WHAT IS NEEDED
What is needed is an exact copy of the lines from the start of the records below through the line with "Мал. 6. Інтер'єр церкви.", without the pictures.

EXERCISE INPUT
=== Begin Enclosure ===
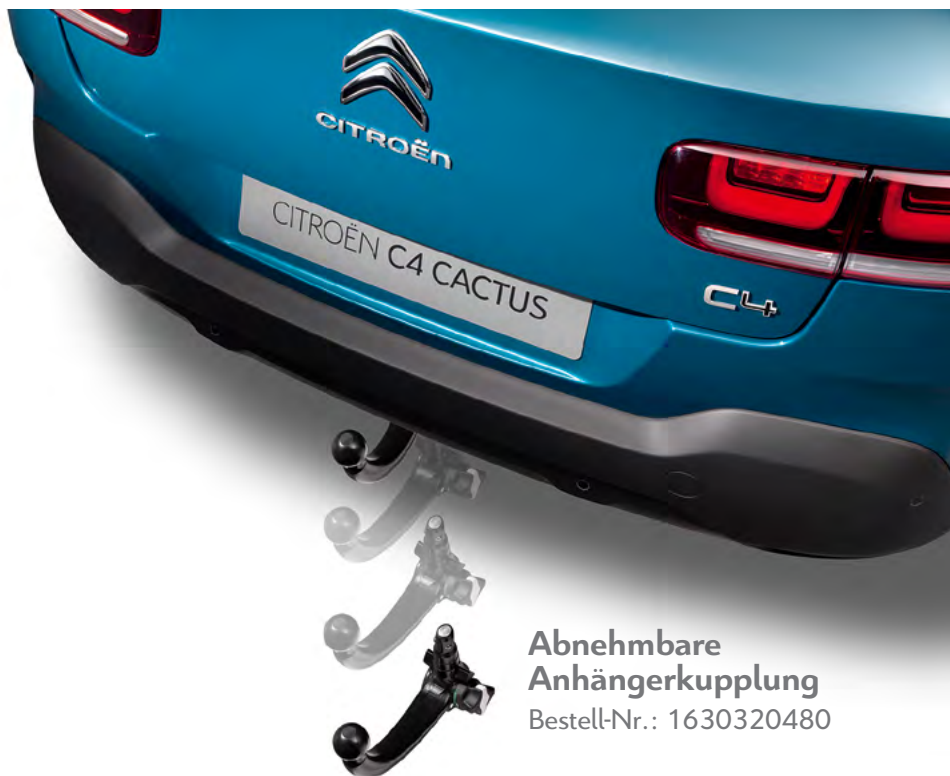
Abnehmbare Anhängerkupplung Bestell-Nr.: 1630320480
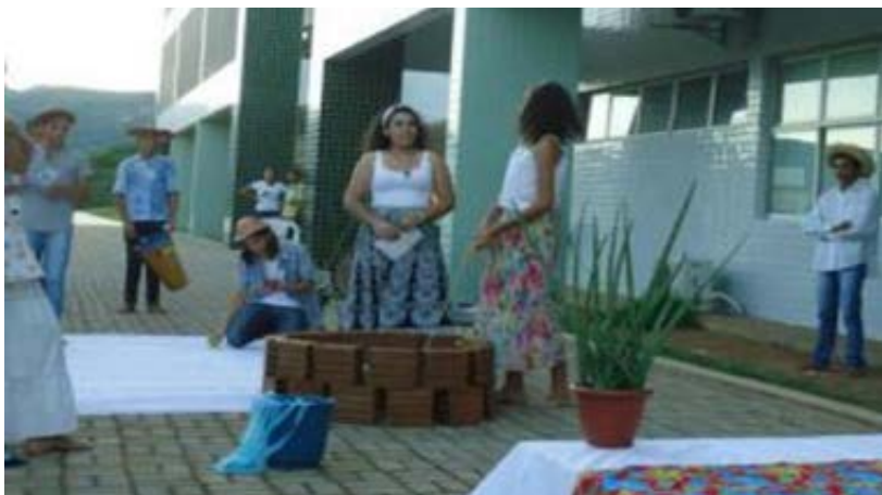
Foto 6 - Apresentação da Peça A Água Acabou pelo grupo Por trás dos Holofotes
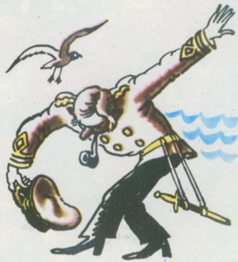
Рис. С. ТЮНИНА

И получить в ответ: «Благодарю вас, друг мой, превосходно! И погода сегодня прекрасная, не правда ли?!»
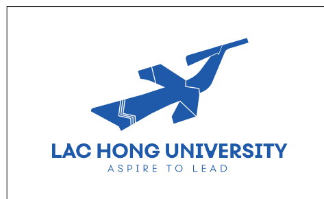
Logo màu đơn sắc tông nhận diện
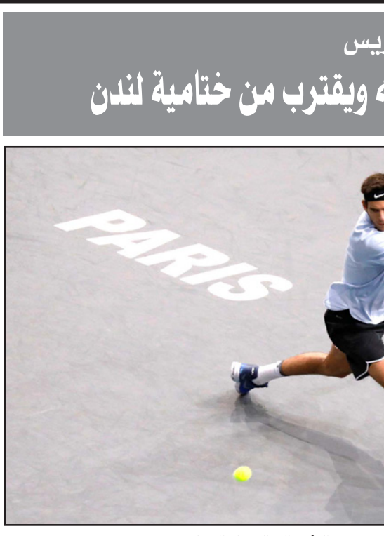
دل بوترو وانتصر واقترب من التأهل إلى البطولة الختامية

■ باريس - د ب أ: قطع الأرجنتيني، خوان مارتن دل بوترو، أولى خطواته نحو تحقيق حلمه بالتأهل إلى البطولة الختامية لوسم التنس بلندن (نهائي الدوري العالمي) بالتغلب على الهولندي روبن هاشه 5/7 و4/6، في دور الستة عشر من بطولة باريس للتنس. وستتبع دل بوترو، المصنف الرابع عالمياً سابقاً، حسم بطاقة تأهله إلى البطولة الختامية اليوم، إذا فاز في دور الثمانية، وجاءت النتائج الأخرى في البطولة لصالحه، ويشارك في البطولة الختامية، التي ستقام في العاصمة البريطانية لندن، المصنوفون الضامنة الأوائل بين 12 و19 تشرين الثاني/نوفمبر الجاري، وتأهل حتى الآن ستة لاعبين وهم رافايل نادال وروجه فيدرر والكسندر زفيريف ودومينيك تيم ومارين سيليتش وغريغور ديميتروف، فيما يتبقى المركزان الأخران لساغر فين، حيث ستحدد هوية صاحبيهما طبقاً لنتائج البطولة الباريسية، وصعد الإسباني فرناندو فيرنانديسكو لدور الثمانية أيضاً، حقق مفاجأة من العيار الثقيل بفوزه على النمسواوي دومينيك تيم، المصنف الخامس، 4/6 و4/6، وتأهل الصربي فيليب كراينوفيتش، بتغلبه على الفرنسي نيكولا ماهو 2/6 و6/3 و1/6، في حين اجتاز الأمريكي جون ايسنر، عقبة البلغاري غريغور ديميتروف 7/5 و6/7 في مباراة ماراثونية.
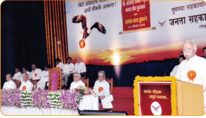
प.पू. सरसंघचालक मा. श्री.मोहनजी भागवत आनंद सोहळ्यात मार्गदर्शन करताना
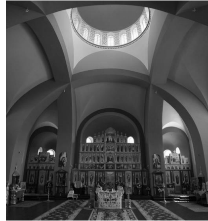
Мал. 6. Інтер'єр церкви.

Церква унікальна ще й оформленням інтер'єру. Величезний об'єм пофарбований у синій, жовті, червоні та (інколи) білі кольори. Найбільше навантаження покладене на синій та жовтий. А ще вона унікальна тим, що немає жодної колони - громадина храму тримається виключно на арках.
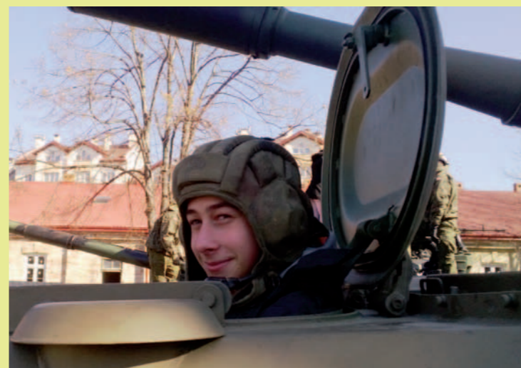
Uczniowie przymierzali hełmy i kombinezony, mogli wejść do wozu bojowego.
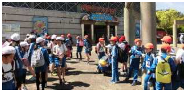
須磨海浜水族園（5年）
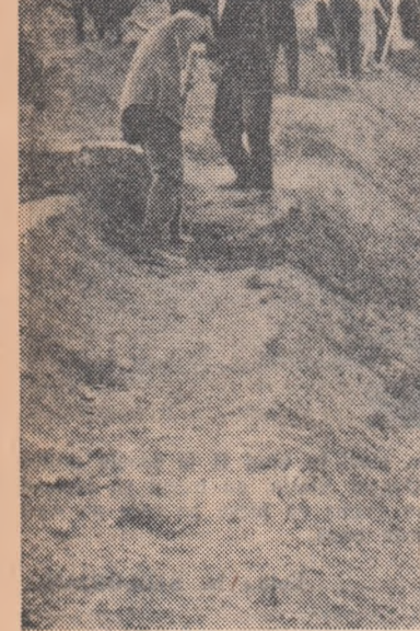
Brigăzile utemiste de la atelierul C.F.R. Ploiești lucrind la taluzarea brațului nordic al viitorului lac care se amenajează în parcul de cultură și odihnă de la Bucov.

Tinerii au hotărît cu însuflețire să participe la amenajarea și
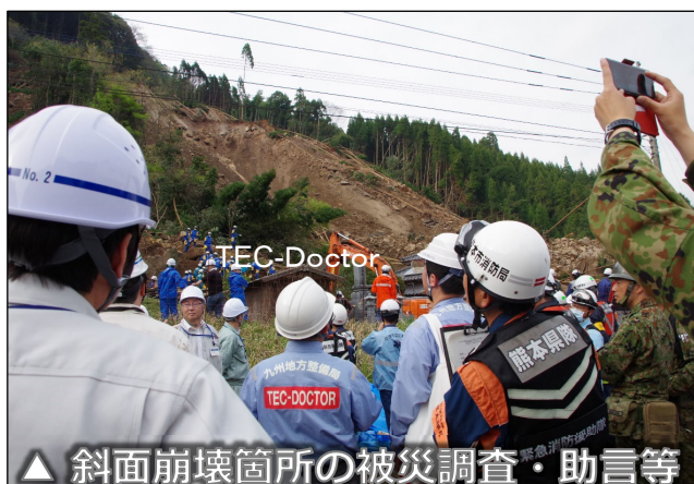
△ 斜面崩壊箇所の被災調査・助言等 (H30年中津市土砂災害)
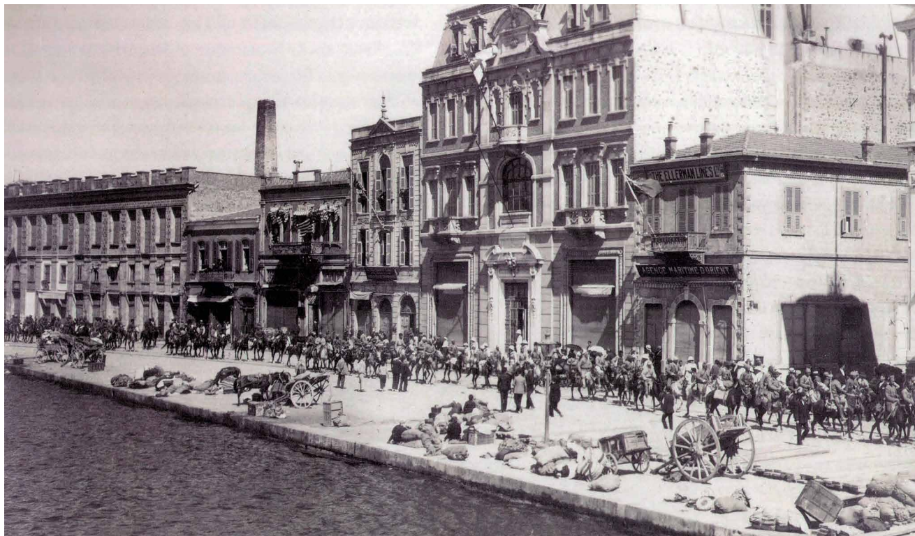
Aankomst van de Turkse cavalerie op de kade van Smyrna, 9 september 1922

oorlogsschepen in de baai versterkte die gedachte bij aankomst. Maar waar de soldaten en uiteindelijk ook het Griekse bestuur uit Klein-Azië werden geëvacueerd, kwamen de vluchtelingen met hun schamele bezittingen terecht op de havenkade, volgens ooggetuigen tussen de immer nog flaneerende inwoners.
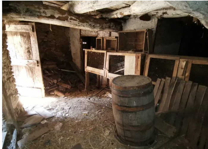
Keller / cantina rustico grande
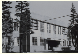
1946 (昭和21) 年、青山中学校校舎の一部を借用(板橋区上石神井1丁目216番地) 1946: The leased part of the Chitan Junior High School building (1-216 Kamishakujii, Itabashi-ku, Tokyo).
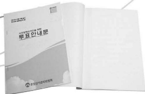
시각장애인용 선거공보물 ▶

시각장애 아이들에게 17년간 미술을 가르치며 시각장애인과 미술 사이의 거리를 좁혀온
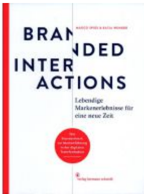
Branded Interactions Ladenpreis: 77,10EUR
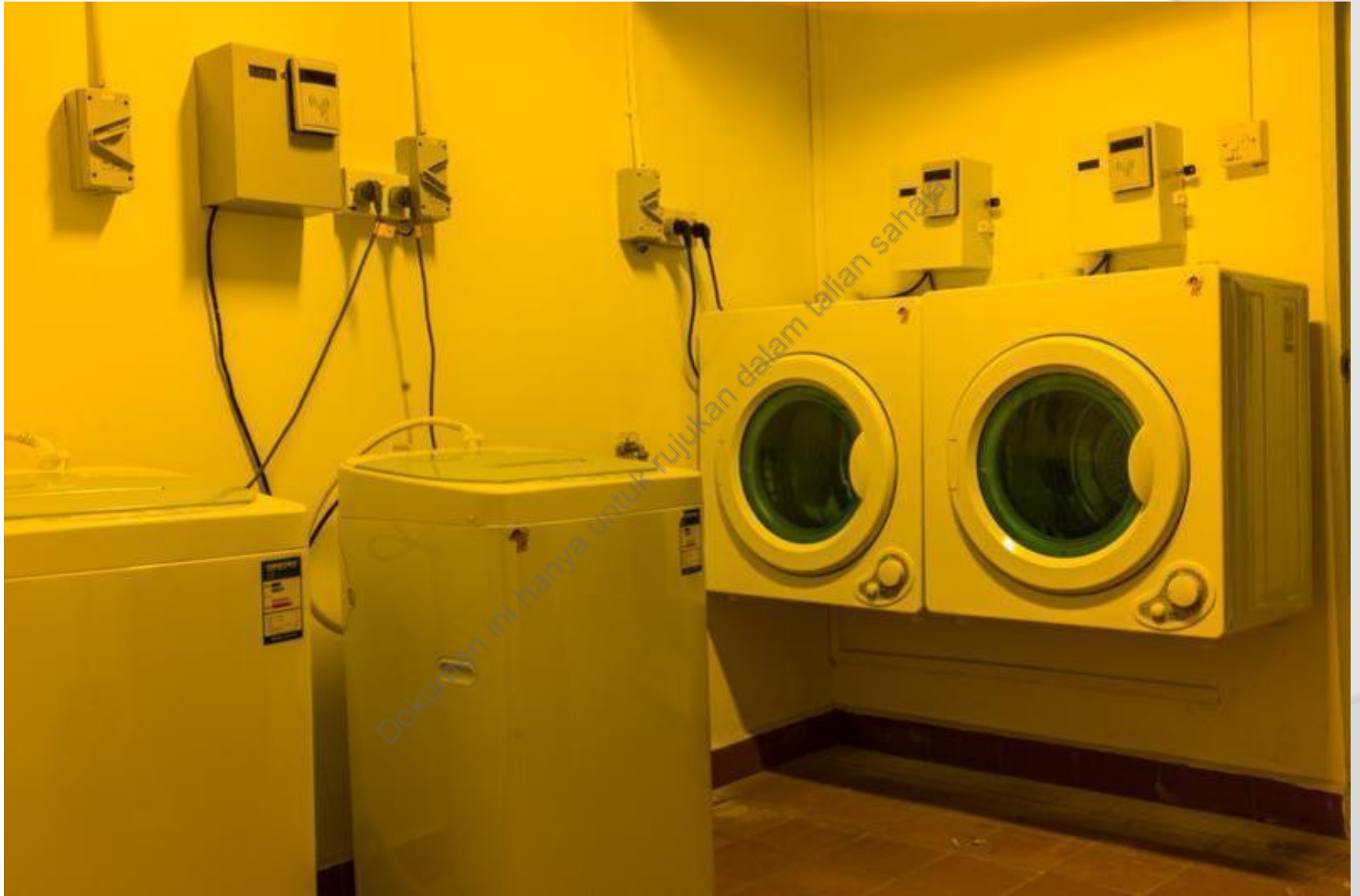
CONTOH 6 : RUANG DOBI
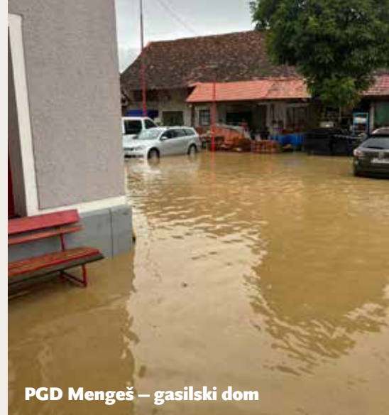
PGD Mengeš – gasilski dom

izvajali obhode na vsako uro in pregledovali struge, mostove ter hkrati stalno spremljali vodostaj Pšate.
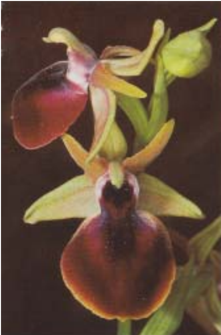
Fig. 9. Ophrys helenae . Grèce, Céphalonie, 28.IV.1993. (dia P. DELFORGE)
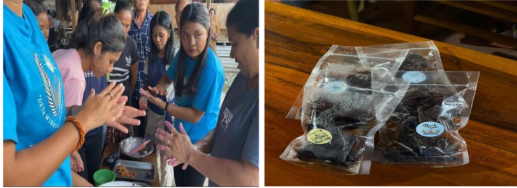
Gambar 2. Pelatihan dan Pengolahan UMKM Pangan Lokal, bertempat di Kampung Bondo Kabala, Desa Mata Lombu
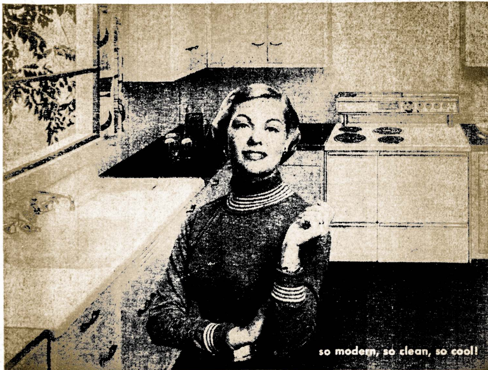
so modern, so clean, so cool!

nothing gives your kitchen the modern look like a modern electric range and nothing cooks cleaner, cooks cooler, or cooks food faster!
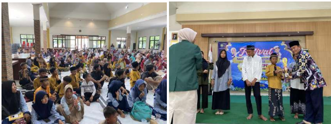
Penyelenggaraan FASI tahun 2025

Festival Anak Sholeh Indonesia (FASI) tingkat Kalurahan Mulyodadi terselenggara tanggal 27 Juli 2025.
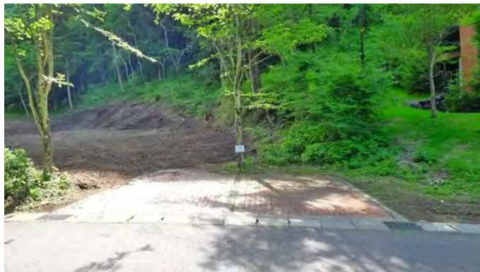
敷地東側インターロッキングブロックで舗装されたカースペース
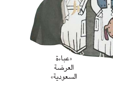
عباة العرصة السعودية

وهناك عباة العرصة السعودية التي تصفها التركي بـ«الجريئة» بالنظر لألوانها الصاخبة، وعباة القط العسيري المستوحاة من عرصة العرصة مع أعمدة الحديد ومعرفة ارتفاعها بدقة، وتفصيل أخرى قرأتها وساعتها على رسمها في قماش العباة. وتأتي الرواشين والمشربيات في قائمة القطع الأكثر طلباً، كما تؤكد التركي، والتي تعد من أبرز فنون العمارة الحجازية،
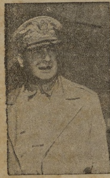
Tokio, 27.—La histórica entrevista entre Hiro Hito y Mac Arthur se celebró en la Embajada de los Estados Unidos.

Hiro Hito, acompañado de sus ayudantes, llegó a la Embajada esta mañana y fué inmediatamente introducido en el salón donde le esperaba de pie el comandante jefe aliado en el Japón.
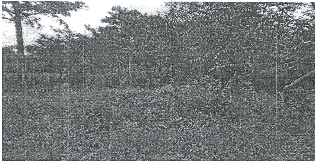
Foto 1: Vista panorámica del terreno de la finca No. 30279026 donde se desarrollará el proyecto Residencial EMMA'S VILLAGE, donde su topografía es bastante regular, con mucha vegetación.
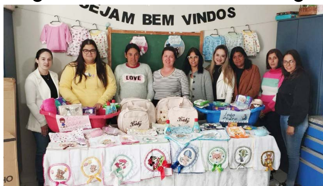
Os kits foram entregues na última sexta-feira: apoio às gestantes

A ação da prefeitura proporciona um serviço de suma importância para as gestantes do município, gerando uma
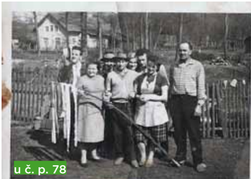
u č. p. 78
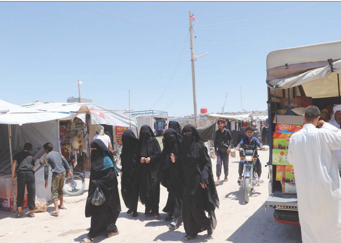
صورة أرشيفية للاجئين عراقيين في مخيم الهول شمال شرقي سوريا

فيقدر بنحو 4 آلاف. وناقش هذا الملف وفد امريكي بارز، زار المنطقة قبل أيام مع قادة (قسد) والإدارة الذاتية».
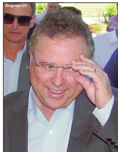
Blairo Maggi usou redes sociais para falar do assunto essa semana

Blairo não escondeu que o ambiente é de preocupação e ainda espera que o presidente mantenha o tom mais ameno e evite o agravamento da crise iniciada após suas falas nas manifestações de 7 de setembro
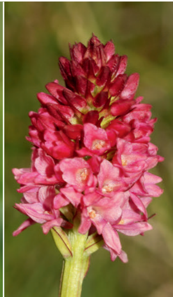
Abb. 15: ×Gymnigritella odorata, Madulain, Graubünden, 10.07.2016, Schweiz
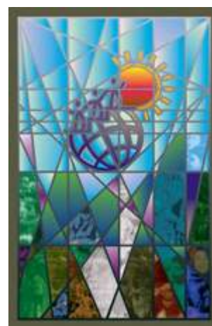
Karta Społeczna 2010
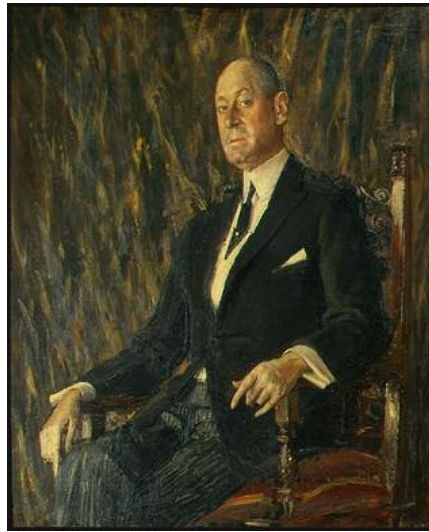
نوکستس جوں، جوزیف ښی، ۱۹۲۱، پوښی له سهه ركانشاس، ۱۲۴ × ۱۰۲ سم.
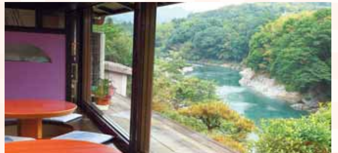
レストランよしの川/別館撫石庵

奈良県の素晴らしい「眺望」を眺めながら心地よい空間の中で、旬の味わい、地元産食材の滋味、旨みをお楽しみいただけるレストランを「眺望のいいレストラン」に認定。この秋には、あたらしいレストランも加わり、ますますパワーアップする予定です。
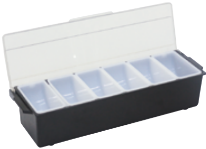
A . Boîte ingrédients + 6 compartiments
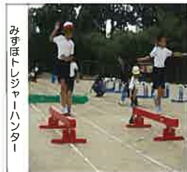
みずほトレジャーハンター
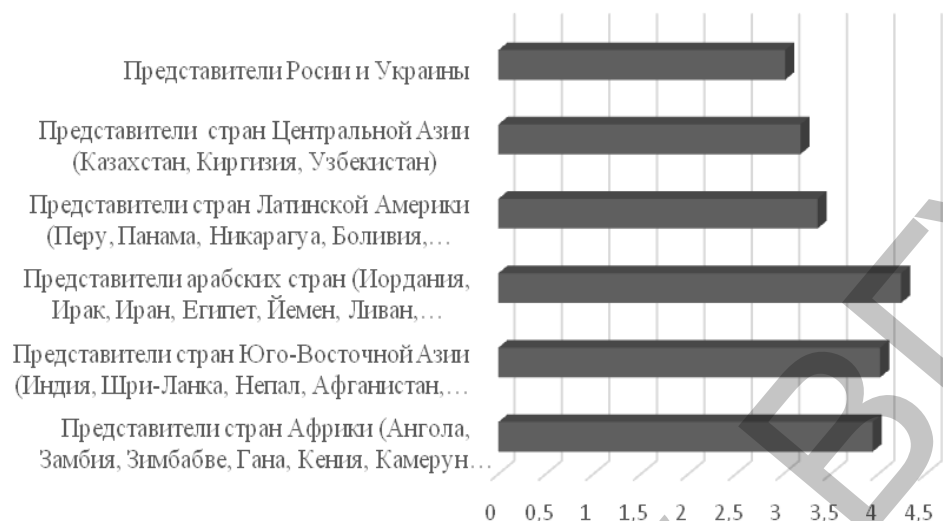
Рисунок 3 – Индекс социальной дистанции по отношению к представителям разных стран.

Все слушатели находятся в пределах толерантного отношения к представителям других национальностей (рис. 3). Более открыты учащиеся для контактов с представителями стран-соседей (Украина, Россия) ( I \approx 3,02 ). Самая большая дистанция установлена с представителями арабских стран ( I \approx 4,24 ).
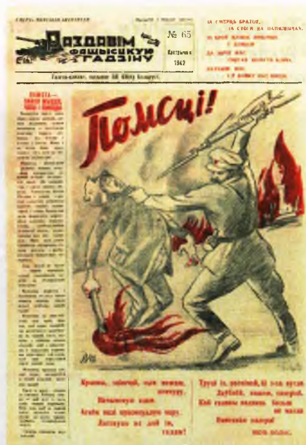
Газета-плакат «Раздавим фашыстскую гадзіну». Кастрычнік 1942 год. У такім жа духу мелася выходзіць і прапанаваная Панамарэнкам газета для беларускіх армій.

У канцы 1980-х гадоў у сховішчах тагачаснага партыйнага архіва (цяпер у складзе Нацыянальнага архіва Рэспублікі Беларусь) навукоўцы адшукалі чарнавікі «жнівёнскай» і «кастрычніцкай» дакладных для Сталіна.
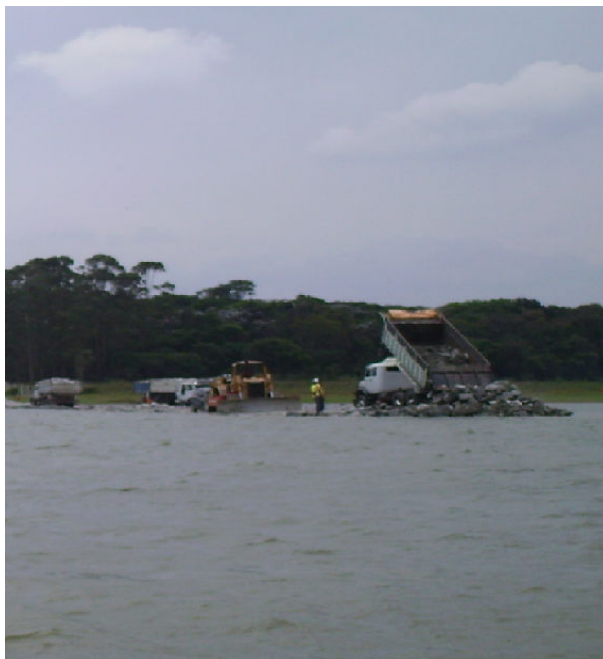
Figura VIII – caçambas jogam pedras dentro da represa.
=== End Enclosure ===
RESPONSE BELOW
Abnehmbare Anhängerkupplung Bestell-Nr.: 1630320480
Foto 6 - Apresentação da Peça A Água Acabou pelo grupo Por trás dos Holofotes
Рис. С. ТЮНИНА

И получить в ответ: «Благодарю вас, друг мой, превосходно! И погода сегодня прекрасная, не правда ли?!»
Logo màu đơn sắc tông nhận diện
دل بوترو وانتصر واقترب من التأهل إلى البطولة الختامية

■ باريس - د ب أ: قطع الأرجنتيني، خوان مارتن دل بوترو، أولى خطواته نحو تحقيق حلمه بالتأهل إلى البطولة الختامية لوسم التنس بلندن (نهائي الدوري العالمي) بالتغلب على الهولندي روبن هاشه 5/7 و4/6، في دور الستة عشر من بطولة باريس للتنس. وستتبع دل بوترو، المصنف الرابع عالمياً سابقاً، حسم بطاقة تأهله إلى البطولة الختامية اليوم، إذا فاز في دور الثمانية، وجاءت النتائج الأخرى في البطولة لصالحه، ويشارك في البطولة الختامية، التي ستقام في العاصمة البريطانية لندن، المصنوفون الضامنة الأوائل بين 12 و19 تشرين الثاني/نوفمبر الجاري، وتأهل حتى الآن ستة لاعبين وهم رافايل نادال وروجه فيدرر والكسندر زفيريف ودومينيك تيم ومارين سيليتش وغريغور ديميتروف، فيما يتبقى المركزان الأخران لساغر فين، حيث ستحدد هوية صاحبيهما طبقاً لنتائج البطولة الباريسية، وصعد الإسباني فرناندو فيرنانديسكو لدور الثمانية أيضاً، حقق مفاجأة من العيار الثقيل بفوزه على النمسواوي دومينيك تيم، المصنف الخامس، 4/6 و4/6، وتأهل الصربي فيليب كراينوفيتش، بتغلبه على الفرنسي نيكولا ماهو 2/6 و6/3 و1/6، في حين اجتاز الأمريكي جون ايسنر، عقبة البلغاري غريغور ديميتروف 7/5 و6/7 في مباراة ماراثونية.
प.पू. सरसंघचालक मा. श्री.मोहनजी भागवत आनंद सोहळ्यात मार्गदर्शन करताना
Мал. 6. Інтер'єр церкви.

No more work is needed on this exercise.